◆ **RAW DATA**
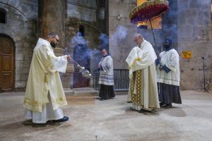 L’accès à la Basilique a été fortement limité, seuls le Patriarche et quatre religieux ont pu entrer et prendre part à la célébration, s’unissant aux Frères qui vivent au Saint-Sépulcre et qui ont célébré seulement la Messe in Cœna Domini.
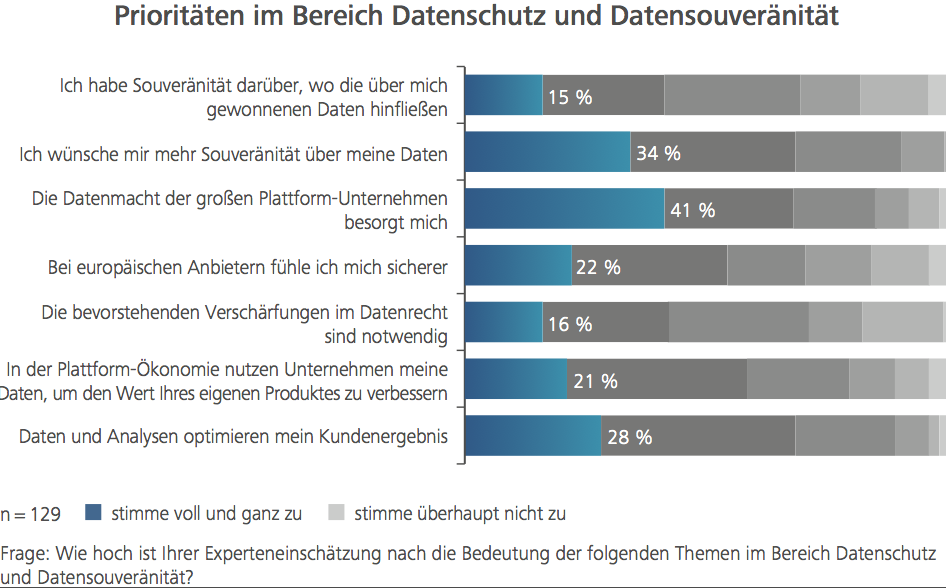 Die Unternehmen setzen auf die Nutzung und Erhebung eigener Daten (First Party-Daten). Ein logischer Schritt, zeigen sich doch 68% der Befragten besorgt über die Datenmacht der großen Plattformen. Der Willen zur Souveränität über die eigenen Daten (Data Ownership) spiegelt sich auch an anderer Stelle wider. So bleibt die Investitionsbereitschaft im Bereich Customer Intelligence und Analytics, laut Experten, auch in Zukunft hoch. Wobei insbesondere Geld für Inhousing von Analytics- Fähigkeiten und die dazugehörige Optimierung aufgewendet wird. Diese Investments haben einen nachvollziehbaren Grund – das Thema Data Ownership ist essentiell für Unternehmen zur Absicherung der eigenen Marktposition. HDM Professor Jürgen Seitz: „Ein wesentliches Ergebnis ist, dass die Kontrolle über diese eigenen Daten (Data Ownership) und der sorgsame Umgang mit diesen Daten als Mittel zur Generierung von Wettbewerbsvorteilen gesehen wird.“
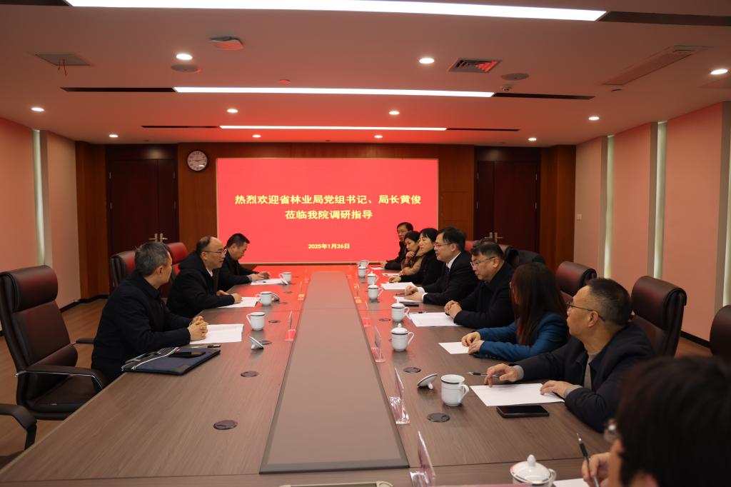 1月26日上午,在农历蛇年新春佳节来临之际,省林业局党组书记、局长黄俊率局办公室、科技处主要负责同志到省林科院走访慰问林业科技工作者,代表省林业局向省林科院林业科技人员致以新春祝福和节日问候。省林科院党委书记杨杰芳,党委副书记高璜,党委委员、副院长龚春、黄晓凤、黄慧及总工程师雷小林等陪同。
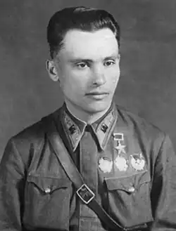 Yevgeny Petrovich Fyodorov (Russian: Евгений Петрович Фёдоров; 28 December [O.S. 15 December] 1911 – 15 July 1993) was a Soviet Air Force major general and double Hero of the Soviet Union. From 1933 Fyodorov served as a pilot in a Long Range Aviation regiment. He was a squadron commander during the Winter War and was awarded the title Hero of the Soviet Union for conducting bombing sorties. Fyodorov served with Long Range Aviation during World War II and was awarded the title Hero of the Soviet Union a second time for making strategic bombing sorties in June 1945. Fyodorov retired as a major general in 1958 and lived in Leningrad, where he worked at the airport.[1]
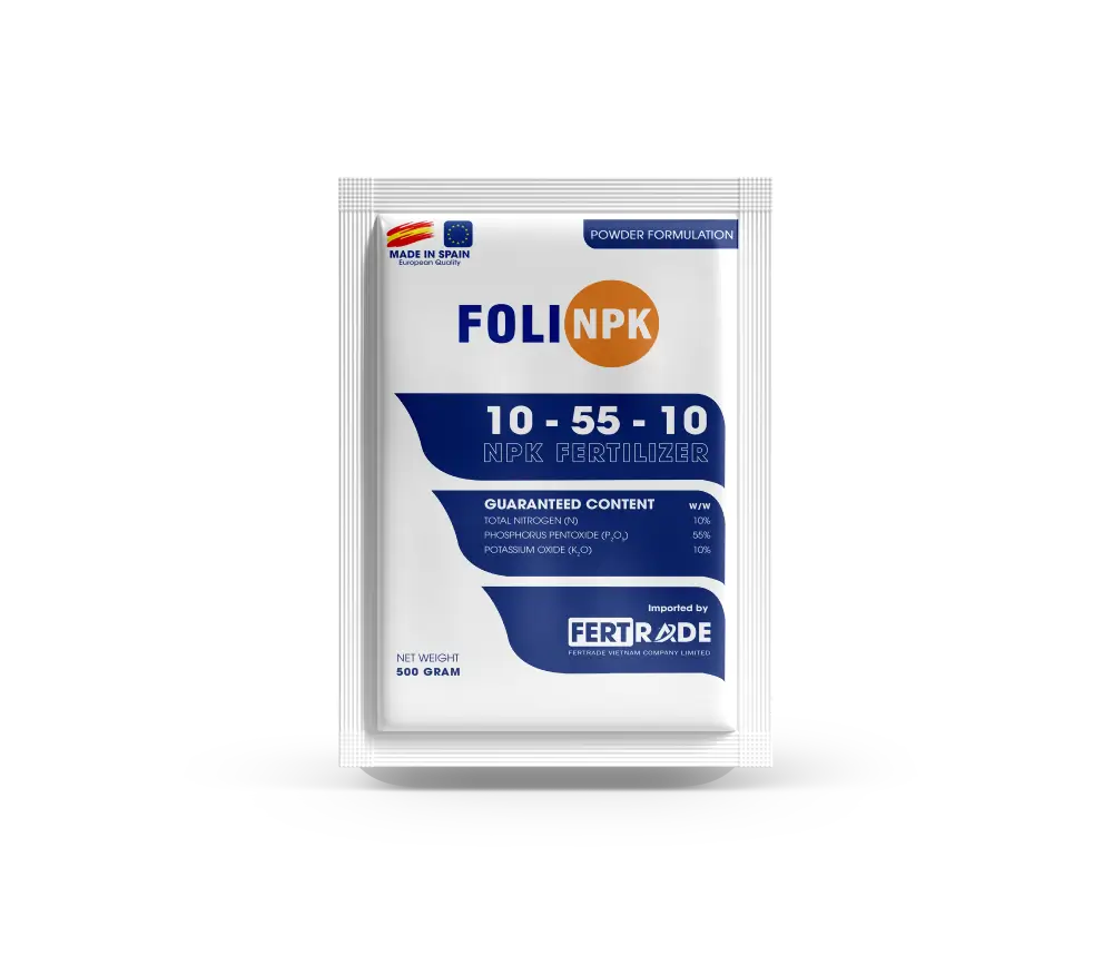 FOLI NPK 10-55-10 là phân bón dạng bột, hoà tan 100% trong nước, tinh khiết, có thể sử dụng cho hệ thống tưới nhỏ giọt, đảm bảo cho cây trồng hấp thu dinh dưỡng một cách nhanh chóng và hiệu quả, với thành phần Lân cao giúp kích rễ cây con, chặn đọt, làm già lá, kích ra hoa, tạo mầm hoa, hình thành trái, tăng khả năng đậu trái.
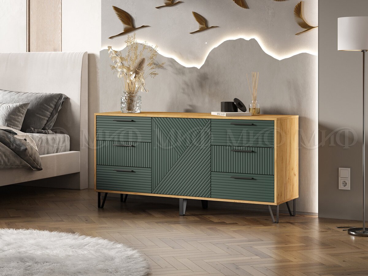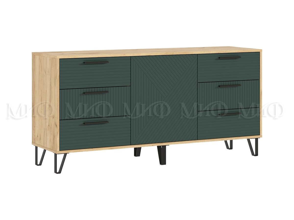 - Комод (1500) Флэш Браш Мени Грин, Дуб Крафт
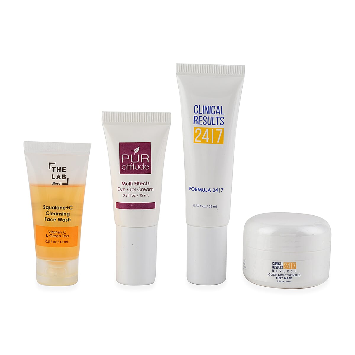 There isn't anything like this beauty beaker discovery set to improve your entire skin regimen! The set includes squalane+C cleansing face wash, a gentle foaming wash that doesn't strip the skin, formula 24|7, which employs the critical anti-aging components that visibly turn back time, multi-effects eye cream, an innovative product that visibly reduces fine lines, wrinkles and good night wrinkles sleep mask. The revolutionary set is meant to help add a radiant glow and perk up your look!

◆ **TO DO**
Without including any pictures, reproduce the data exactly.

◆ **OUTPUT OF THE TASK**
 L’accès à la Basilique a été fortement limité, seuls le Patriarche et quatre religieux ont pu entrer et prendre part à la célébration, s’unissant aux Frères qui vivent au Saint-Sépulcre et qui ont célébré seulement la Messe in Cœna Domini.
 Die Unternehmen setzen auf die Nutzung und Erhebung eigener Daten (First Party-Daten). Ein logischer Schritt, zeigen sich doch 68% der Befragten besorgt über die Datenmacht der großen Plattformen. Der Willen zur Souveränität über die eigenen Daten (Data Ownership) spiegelt sich auch an anderer Stelle wider. So bleibt die Investitionsbereitschaft im Bereich Customer Intelligence und Analytics, laut Experten, auch in Zukunft hoch. Wobei insbesondere Geld für Inhousing von Analytics- Fähigkeiten und die dazugehörige Optimierung aufgewendet wird. Diese Investments haben einen nachvollziehbaren Grund – das Thema Data Ownership ist essentiell für Unternehmen zur Absicherung der eigenen Marktposition. HDM Professor Jürgen Seitz: „Ein wesentliches Ergebnis ist, dass die Kontrolle über diese eigenen Daten (Data Ownership) und der sorgsame Umgang mit diesen Daten als Mittel zur Generierung von Wettbewerbsvorteilen gesehen wird.“
 1月26日上午,在农历蛇年新春佳节来临之际,省林业局党组书记、局长黄俊率局办公室、科技处主要负责同志到省林科院走访慰问林业科技工作者,代表省林业局向省林科院林业科技人员致以新春祝福和节日问候。省林科院党委书记杨杰芳,党委副书记高璜,党委委员、副院长龚春、黄晓凤、黄慧及总工程师雷小林等陪同。
 Yevgeny Petrovich Fyodorov (Russian: Евгений Петрович Фёдоров; 28 December [O.S. 15 December] 1911 – 15 July 1993) was a Soviet Air Force major general and double Hero of the Soviet Union. From 1933 Fyodorov served as a pilot in a Long Range Aviation regiment. He was a squadron commander during the Winter War and was awarded the title Hero of the Soviet Union for conducting bombing sorties. Fyodorov served with Long Range Aviation during World War II and was awarded the title Hero of the Soviet Union a second time for making strategic bombing sorties in June 1945. Fyodorov retired as a major general in 1958 and lived in Leningrad, where he worked at the airport.[1]
 FOLI NPK 10-55-10 là phân bón dạng bột, hoà tan 100% trong nước, tinh khiết, có thể sử dụng cho hệ thống tưới nhỏ giọt, đảm bảo cho cây trồng hấp thu dinh dưỡng một cách nhanh chóng và hiệu quả, với thành phần Lân cao giúp kích rễ cây con, chặn đọt, làm già lá, kích ra hoa, tạo mầm hoa, hình thành trái, tăng khả năng đậu trái.
 - Комод (1500) Флэш Браш Мени Грин, Дуб Крафт
 There isn't anything like this beauty beaker discovery set to improve your entire skin regimen! The set includes squalane+C cleansing face wash, a gentle foaming wash that doesn't strip the skin, formula 24|7, which employs the critical anti-aging components that visibly turn back time, multi-effects eye cream, an innovative product that visibly reduces fine lines, wrinkles and good night wrinkles sleep mask. The revolutionary set is meant to help add a radiant glow and perk up your look!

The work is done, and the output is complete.